Rashkaj started to play football for KF Liria, in Prizren, SFR Yugoslavia. At the age of 14 he moved with his family to Halmstad in Sweden, where he continued his football career in IF Leikin, however only for a few months before leaving for local rivals Halmstads BK. Although he had not been selected as a trainee, a youth team player training with the senior squad, in 2007 he was put on the bench home against IFK Göteborg in Allsvenskan and in the following away game against Kalmar FF he made his debut, replacing Martin Fribrock, just days following his 18th birthday.

Prior to the 2008 season.
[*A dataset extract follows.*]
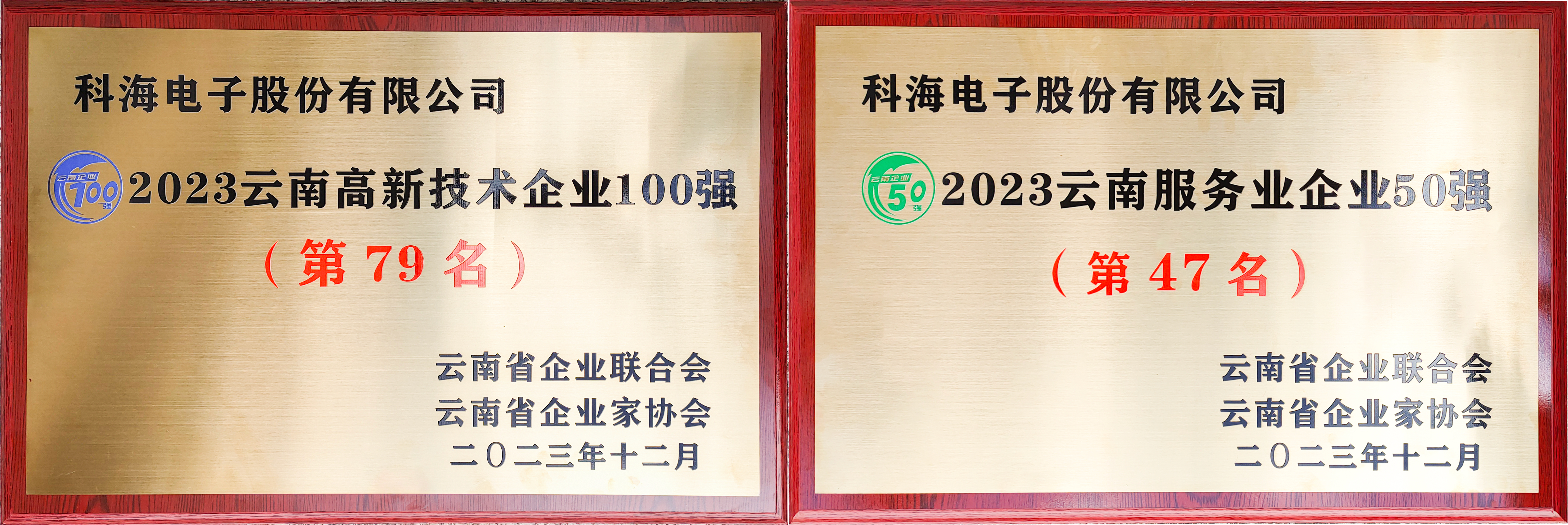 12月16日,由云南省企業聯合會、云南省企業家協會聯合舉辦的“2023云南企業100強發布會”在昆明市隆重舉行,會議對云南優秀企業進行了榮譽表彰。科海電子榮登“2023云南高新技術企業100強”、“2023年云南服務業企業50強”榜單。

He was raised from the youth team to become a full member of the senior squad, mainly being used as left winger. In 2009 Rashkaj and Michael Görlitz were the only players to have played in all league games of the season, 30 matches in total, he also represented the club in all the other 17 games of the year, two cup and 15 friendly matches, thus being the only player that had played in all the club's matches in that year. Anel Rashkaj scored his first league goal in 2009 against Kalmar FF.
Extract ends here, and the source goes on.